The goal is to build a model that predicts whether a passenger survived the Titanic shipwreck, using features such as **Age, Sex, Passenger Class, and Family Size**.  

### 🔎 Key Highlights
- Data preprocessing and handling missing values (`Age`, `Embarked`, `Cabin`).  
- Encoding categorical variables (`Sex`, `Embarked`, `Pclass`).  
- Exploratory Data Analysis (EDA) to find survival patterns.  
- Training a **Logistic Regression classifier**.  
- Evaluating the model using accuracy, confusion matrix, and classification report.  

### 🎯 Objective
To develop a baseline machine learning pipeline that can generalize well and predict passenger survival with high accuracy.


## loading the data 

In [1]:
import numpy as np 
import pandas as pd 
import matplotlib.pyplot as plt 


df=pd.read_csv('titanic/train.csv' )

df=df.drop("PassengerId", axis=1 )

df.head(3)

Unnamed: 0,Survived,Pclass,Name,Sex,Age,SibSp,Parch,Ticket,Fare,Cabin,Embarked
0,0,3,"Braund, Mr.

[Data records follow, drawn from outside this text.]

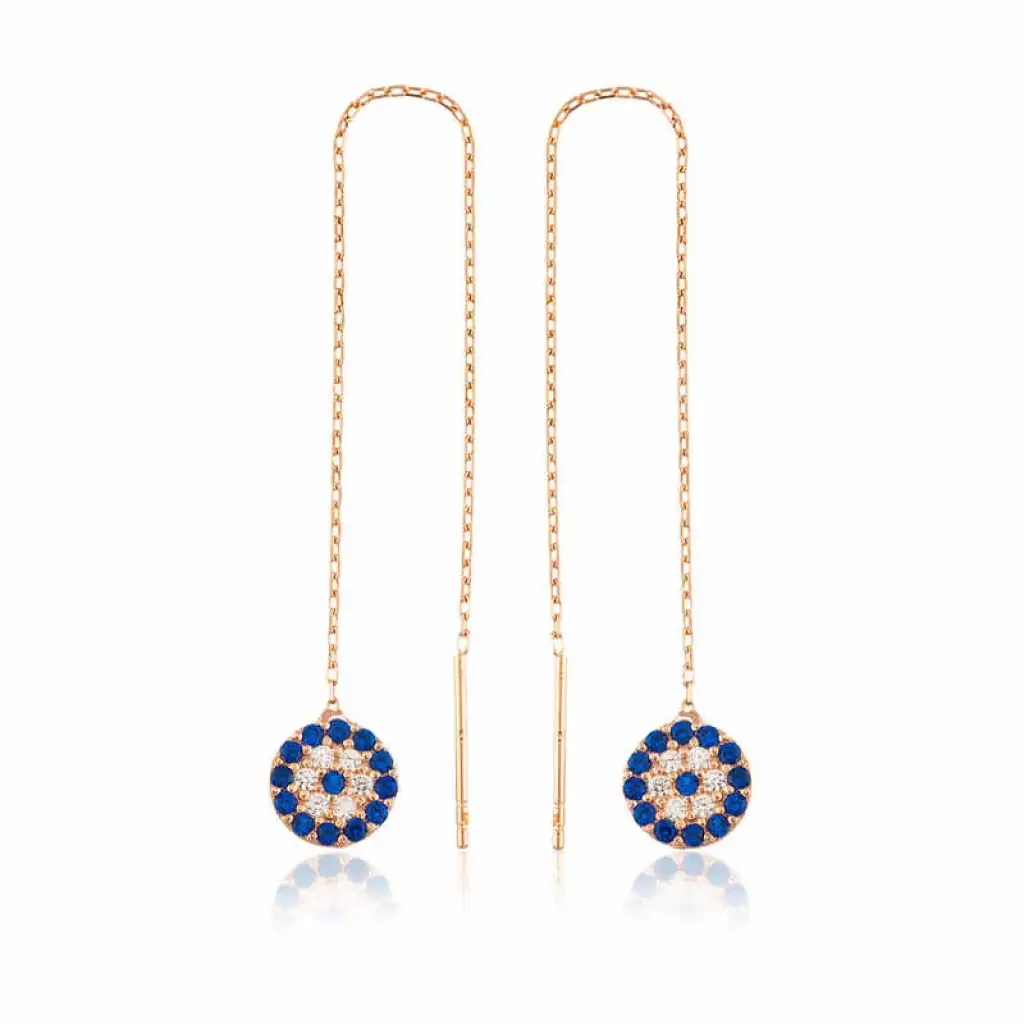 Nazar boncuğunu insanlar uzun yıllardan beri kötü bakıştan korunmak için kullanmışlardır. Kötü bakışların insanlar üzerinde olumsuz etki oluşturmasına karşı bir önlemdir nazar boncuğu… Bu sebeptendir ki insanlar sevdiklerini korumak için nazar boncuğu takmaktadır. Bu nazar küpe de şıklığı ve zarafeti yansıtıyor. Her dönem sevilen ve şıklığından ödün vermeyen bu modeli ; doğum günü hediyesi, sevgililer günü hediyesi veya annelere hediye olarak özel günlerde tercih edebilirsiniz. Gümüş zincirli nazar bayan küpe, 925 ayar gümüşten imal edilmiştir. Gümüş küpe üzerine rose kaplama yapılmıştır. Rose kaplama yapılan gümüş bayan küpeler parlaklığını uzun süre muhafaza eder,gümüşü pembe rengine dönüştürür, oksitlenmesi gecikir. Üzerinde bulunan taşlar zirkondur. Tüm gümüş bayan küpelerde olduğu gibi bu gümüş zincirli nazar bayan küpe de tamamı el emeği ile üretilmiştir. Gümüş ve değerli taşlar nedeniyle belirtilen ortalama ürün ağırlığında ± %10 sapma olabilmektedir.
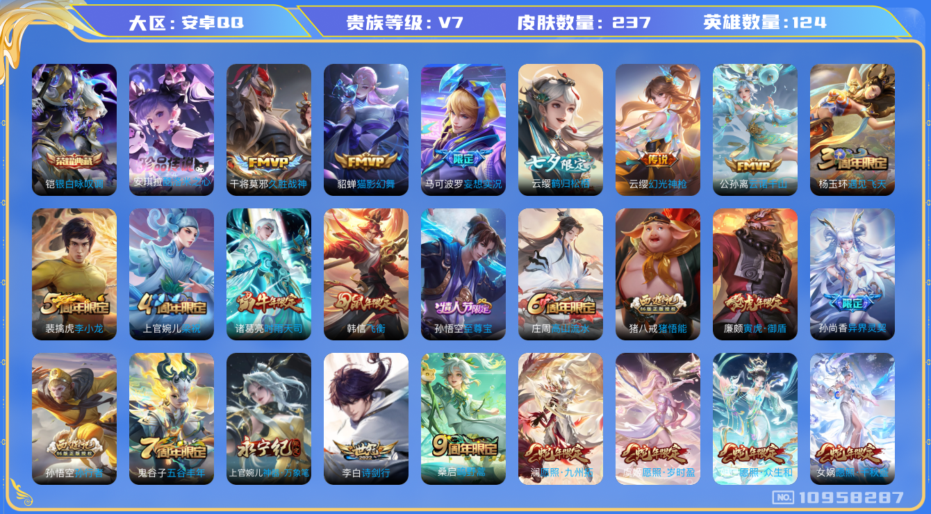 [10958287]【商品标题】:安卓Q-V7-永恒钻石III段位-124英雄-237皮肤-1典藏-0珍品无双-0无双-1珍品传说-14传说-64史诗
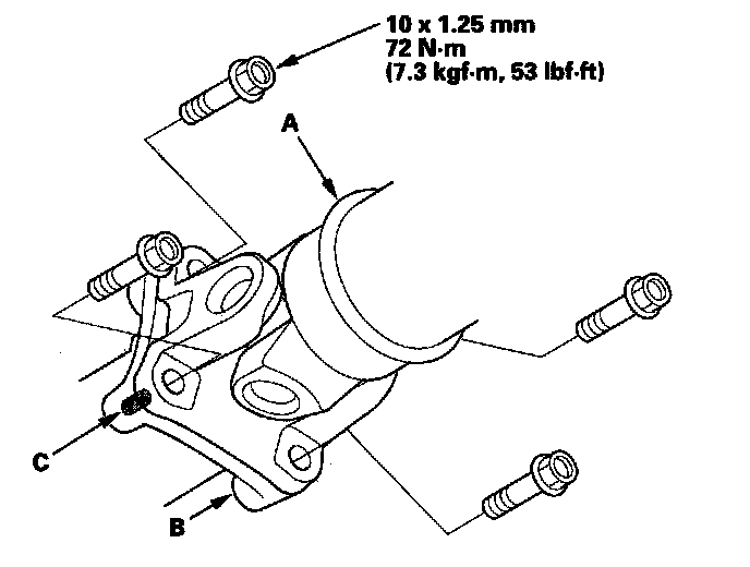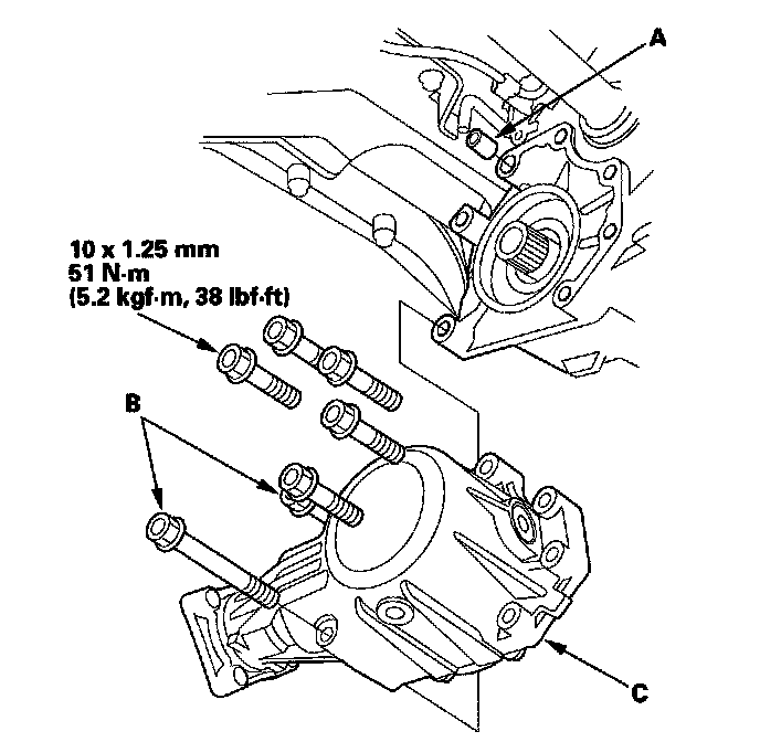 3. Insert the two 10 x 1.25 mm bolts (length: 105 mm) (B) in the rear upper of the transfer housing, then install the transfer assembly (C) on the transmission.
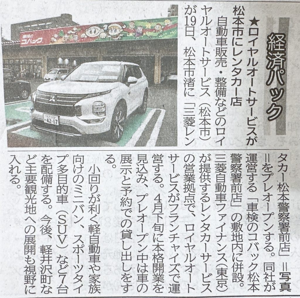「3/19付信濃毎日新聞」に、弊社の三菱レンタカー松本警察署前店オープンの記事が掲載されました。 2026年3月19日付の信濃毎日新聞に、弊社の三菱レンタカー松本警察署前店オープンの記事が掲載されました。 掲載日:2026年3月19日
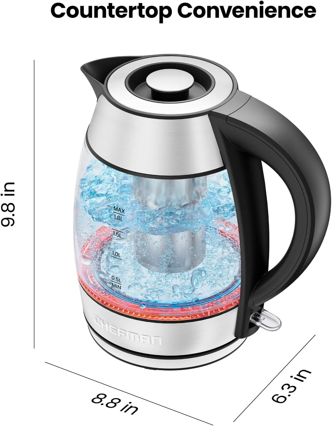 CHEFMAN Lightning High-Powered Electric Kettle, 1.8L 1750W, Rapid Boil 2 Cups in 2 Minutes, BPA Free Cordless Tea Kettle with Digital Temperature Control and 1-Hour Keep Hot – Stainless Steel(Stainless – Temp. Control)
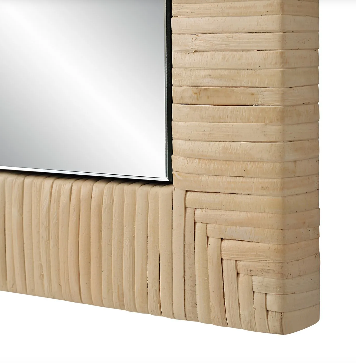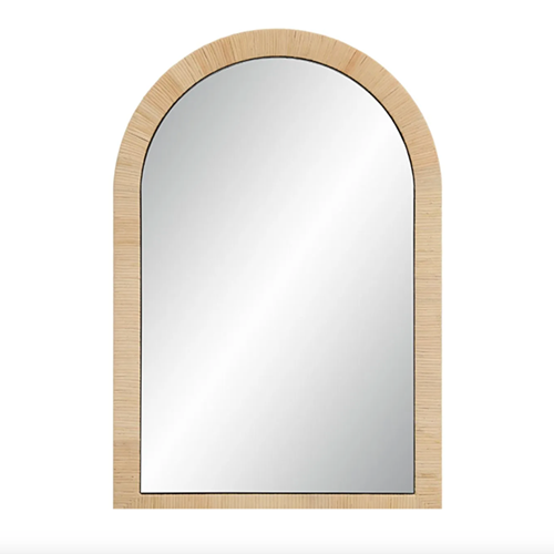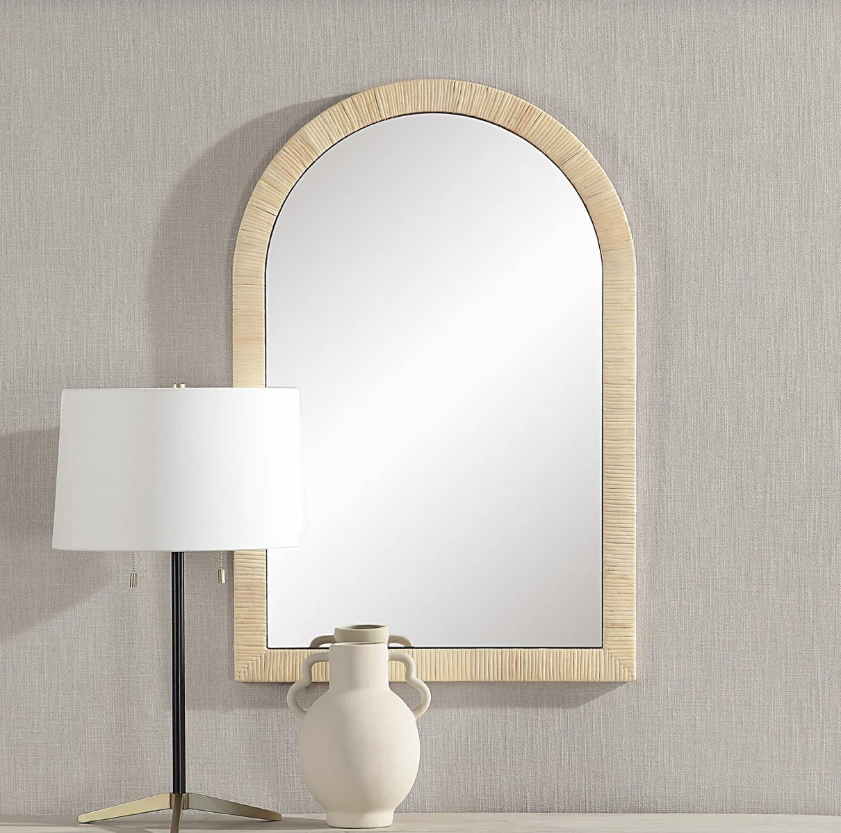 Enhance the ambiance of your living space with the Talia 36" Tall Arch Rectangular Mirror, crafted from high-quality and durable rattan frame. Its sophisticated arch shape evokes a timeless and elegant charm, making it a standout piece in any room. The mirror comes with a D-Ring hanging system, ensuring easy installation, and optimized for effortless vertical hanging. The tall arch and rectangular silhouette of this mirror creates a dramatic aesthetic that any room can benefit from. The natural wood finish of the frame complements any decor style while the extra-large size is perfect for creating an illusion of space and light in any room.
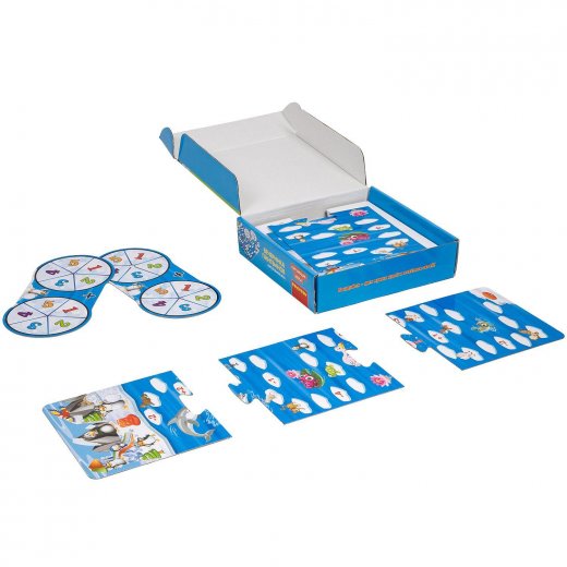 Помогите пингвинам добраться до друзей в настольной обучающей игре "Вечеринка пингвинов". Крутите барабан и перемещайтесь на указанное количество шагов. Если на льдине указаны или игрок дополнительно перемещается на указанное значение. Если фишка остановилась на клетке, с изображением животного, то игрокам предстоит имитировать его звуки или движения.
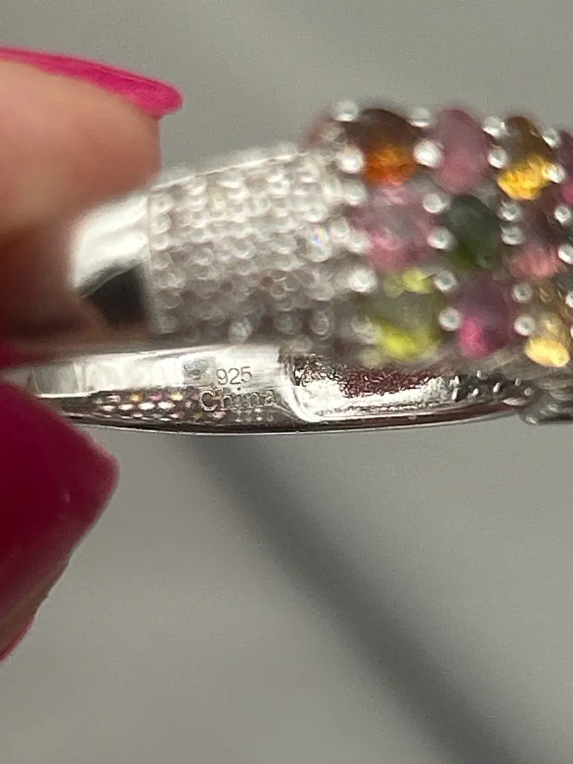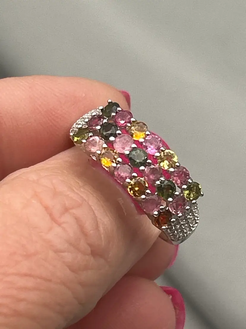 Details • Ring Size: 8 3/4 • Metal: Solid sterling silver • Hallmark: 925 China • Gemstones: Natural tourmaline (multi-color) • Style: Statement band, cocktail ring, everyday luxury • Condition: Very good pre-owned condition • Band Width: Wide, triple-row design
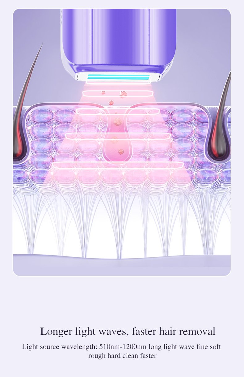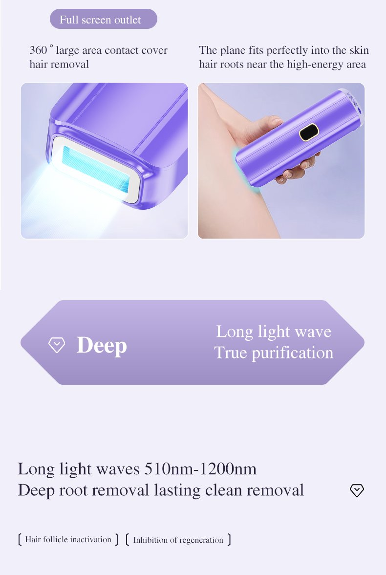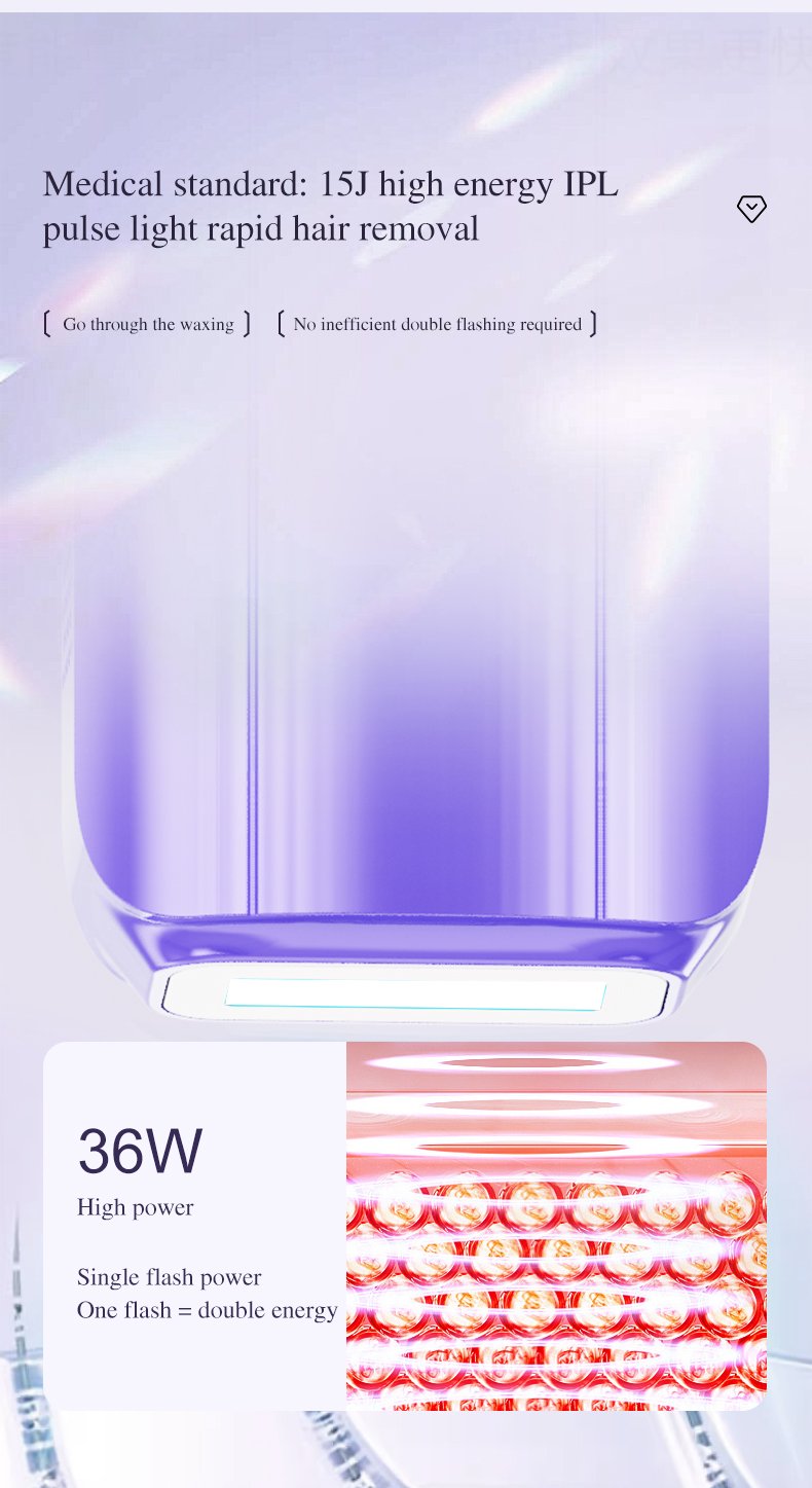 Feature: 10Hz high-speed flash, Extra-large treatment window, 510–1200nm wide spectrum, 400ms long pulse, Multi-skin tone compatibility, Unlimited flashes

Owen Harris",male,22.0,1,0,A/5 21171,7.25,,S
1,1,1,"Cumings, Mrs. John Bradley (Florence Briggs Th...",female,38.0,1,0,PC 17599,71.2833,C85,C
2,1,3,"Heikkinen, Miss. Laina",female,26.0,0,0,STON/O2. 3101282,7.925,,S


## data preprocessing and analysis 

In [None]:
## data preprocessing stage 

## encoding of categorical features 
import pandas as pd
from sklearn.preprocessing import MinMaxScaler

# Select categorical features
cat_features = ["Sex", "Embarked", "Pclass"]

# One-hot encoding
nominal_dummies = pd.get_dummies(df[cat_features], drop_first=True)
df = pd.concat([df, nominal_dummies], axis=1)
df.drop(cat_features, axis=1, inplace=True)

# Handle missing values
for col in df.columns:
    perc_of_nulls = df[col].isnull().mean()
    if perc_of_nulls > 0.75:
        df.drop(col, axis=1, inplace=True)
    else:
        if df[col].dtype == 'object':
            df[col] = df[col].fillna(df[col].mode()[0])
        else:
            df[col] = df[col].fillna(df[col].mean())

# Remove duplicate values
df = df.drop_duplicates()

# Scale Fare
scaler = MinMaxScaler()
df["Fare"] = scaler.fit_transform(df[["Fare"]])